What are Dall-E, ChatGPT and Bard?

ChatGPT, Dall-E and Bard are popular generative AI interfaces.

 

Dall-E. Trained on a large data set of images and their associated text descriptions, Dall-E is an example of a multimodal AI application that identifies connections across multiple media, such as vision, text and audio. In this case, it connects the meaning of words to visual elements. It was built using OpenAI's GPT implementation in 2021. Dall-E 2, a second, more capable version, was released in 2022. It enables users to generate imagery in multiple styles driven by user prompts.

 

ChatGPT. The AI-powered chatbot that took the world by storm in November 2022 was built on OpenAI's GPT-3.5 implementation. OpenAI has provided a way to interact and fine-tune text responses via a chat interface with interactive feedback. Earlier versions of GPT were only accessible via an API. GPT-4 was released March 14, 2023. ChatGPT incorporates the history of its conversation with a user into its results, simulating a real conversation. After the incredible popularity of the new GPT interface, Microsoft announced a significant new investment into OpenAI and integrated a version of GPT into its Bing search engine.

 

Here is a snapshot of the differences between ChatGPT and Bard.

Bard. Google was another early leader in pioneering transformer AI techniques for processing language, proteins and other types of content. It open sourced some of these models for researchers. However, it never released a public interface for these models. Microsoft's decision to implement GPT into Bing drove Google to rush to market a public-facing chatbot, Google Bard, built on a lightweight version of its LaMDA family of large language models. Google suffered a significant loss in stock price following Bard's rushed debut after the language model incorrectly said the Webb telescope was the first to discover a planet in a foreign solar system. Meanwhile, Microsoft and ChatGPT implementations also lost face in their early outings due to inaccurate results and erratic behavior. Google has since unveiled a new version of Bard built on its most advanced LLM, PaLM 2, which allows Bard to be more efficient and visual in its response to user queries.

 

What are use cases for generative AI?

Generative AI can be applied in various use cases to generate virtually any kind of content. The technology is becoming more accessible to users of all kinds thanks to cutting-edge breakthroughs like GPT that can be tuned for different applications. Some of the use cases for generative AI include the following:

 

Implementing chatbots for customer service and technical support.

Deploying deepfakes for mimicking people or even specific individuals.

Improving dubbing for movies and educational content in different languages.

Writing email responses, dating profiles, resumes and term papers.

Creating photorealistic art in a particular style.

Improving product demonstration videos.

Suggesting new drug compounds to test.

Designing physical products and buildings.

Optimizing new chip designs.

Writing music in a specific style or tone.

 

What are the benefits of generative AI?

Generative AI can be applied extensively across many areas of the business. It can make it easier to interpret and understand existing content and automatically create new content.
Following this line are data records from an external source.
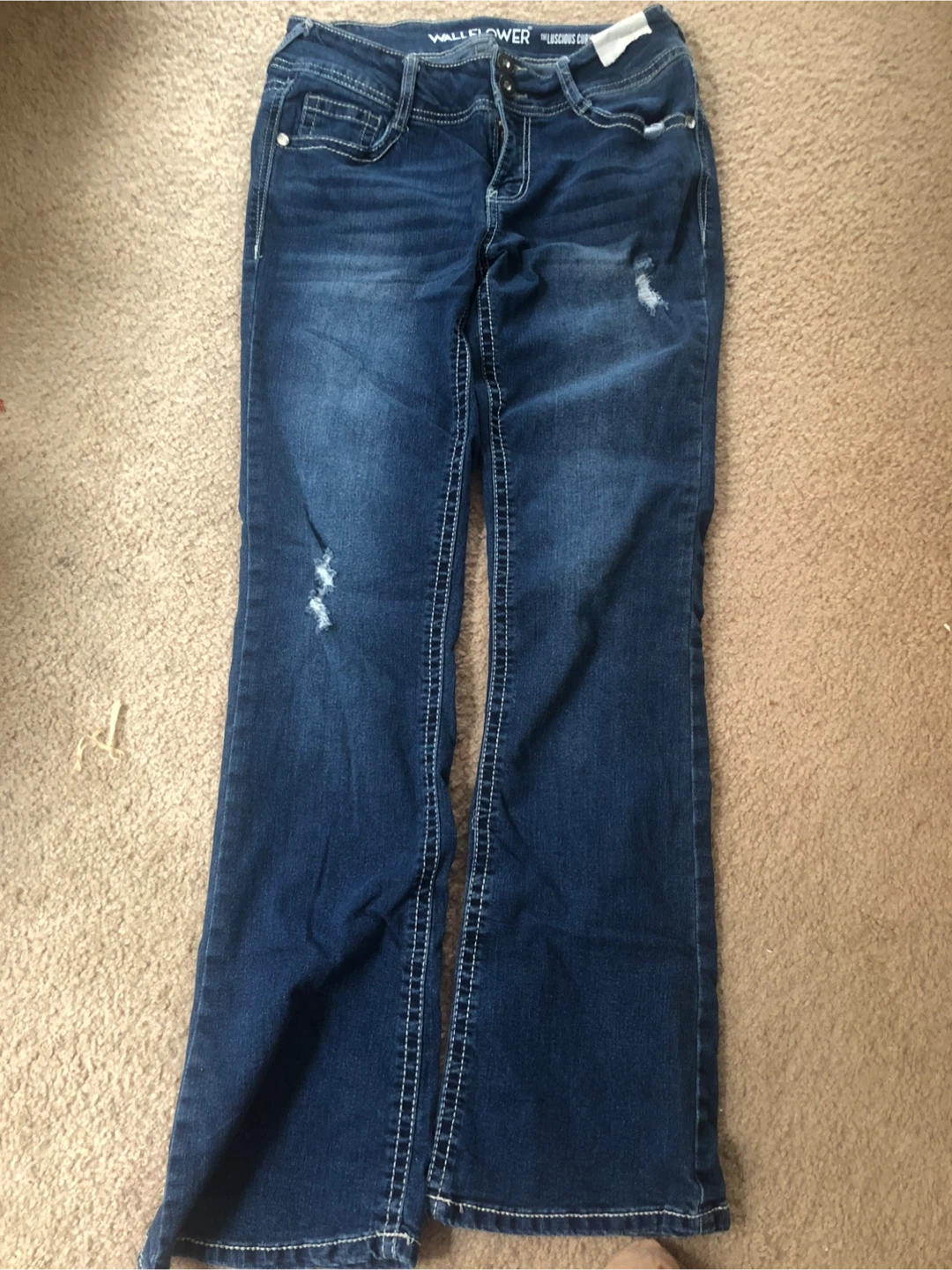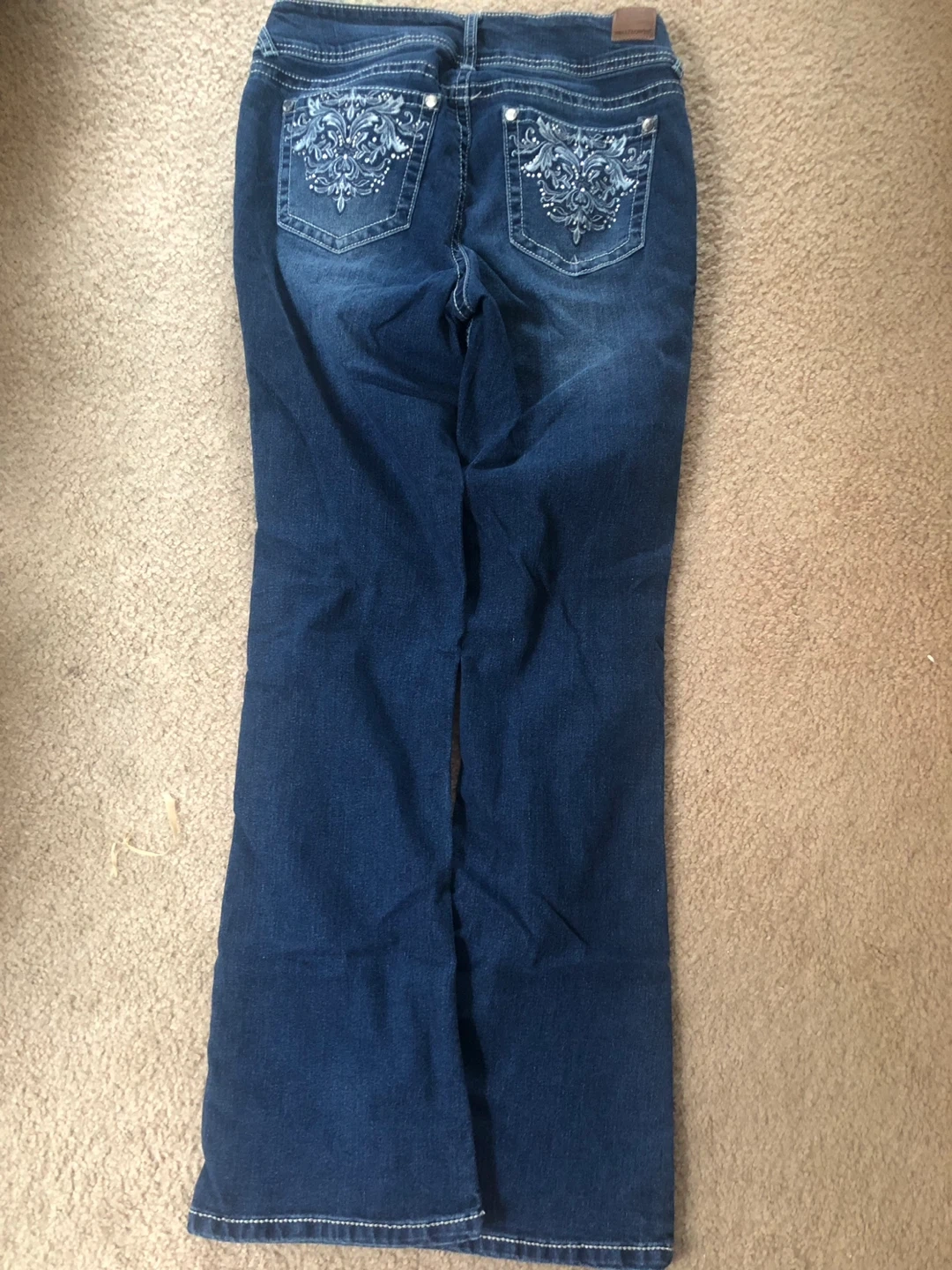 These Wallflower women's bootcut jeans are a size 7. They feature decorative embellishments on the back pockets. Denim material.
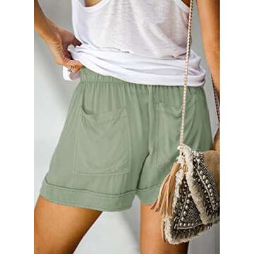 CILKOO Women's Cute Drawstring Elastic Waist Casual Solid Comfy Cotton Linen Beach Shorts Light Green US8-10 Medium
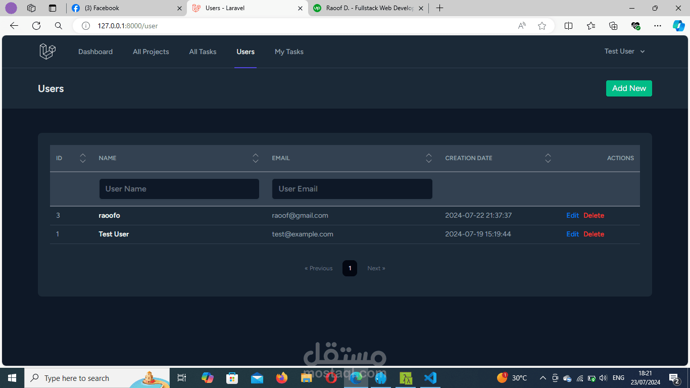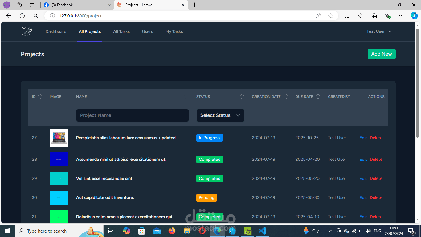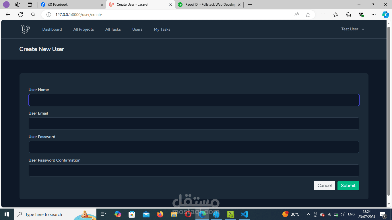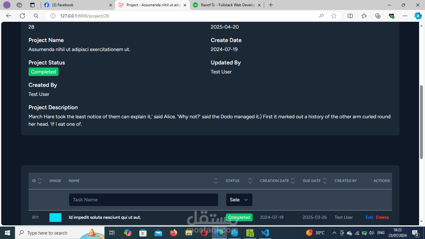 برمجة من الصفر لموقع إلكتروني متكامل لإدارة المشاريع.
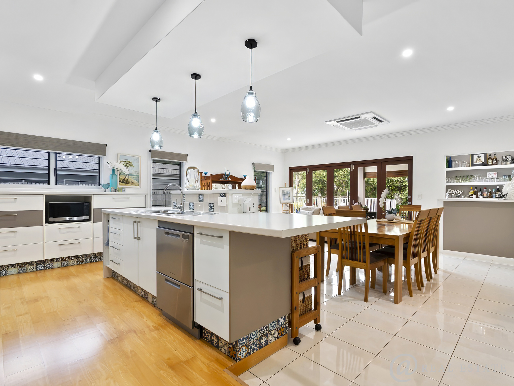 - A Kitchen that inspires is as functional as it is beautiful, this kitchen truly delivers. Showcasing stylish feature cabinetry, Island bench with breakfast bar, Exceptional bench and storage capacity, Induction cooktop, Two-drawer dishwasher, Pendant lighting, Double-plumbed fridge space and Louvre windows for airflow
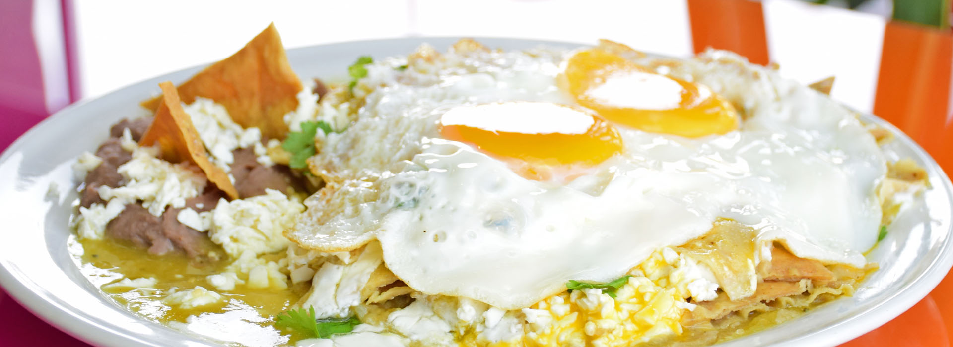 Totopos de maíz bañados en salsa verde o roja, acompañados de queso, crema y cebolla morada. También los puedes acompañar: Huevo • Pollo • Milanesa de pollo • ArracheraChill & Quiles

Developers are exploring ways that generative AI can improve existing workflows, with an eye to adapting workflows entirely to take advantage of the technology. Some of the potential benefits of implementing generative AI include the following:

 

Automating the manual process of writing content.

Reducing the effort of responding to emails.

Improving the response to specific technical queries.

Creating realistic representations of people.

Summarizing complex information into a coherent narrative.

Simplifying the process of creating content in a particular style.

What are the limitations of generative AI?

Early implementations of generative AI vividly illustrate its many limitations. Some of the challenges generative AI presents result from the specific approaches used to implement particular use cases. For example, a summary of a complex topic is easier to read than an explanation that includes various sources supporting key points. The readability of the summary, however, comes at the expense of a user being able to vet where the information comes from.

 

Here are some of the limitations to consider when implementing or using a generative AI app:

 

It does not always identify the source of content.

It can be challenging to assess the bias of original sources.

Realistic-sounding content makes it harder to identify inaccurate information.

It can be difficult to understand how to tune for new circumstances.

Results can gloss over bias, prejudice and hatred.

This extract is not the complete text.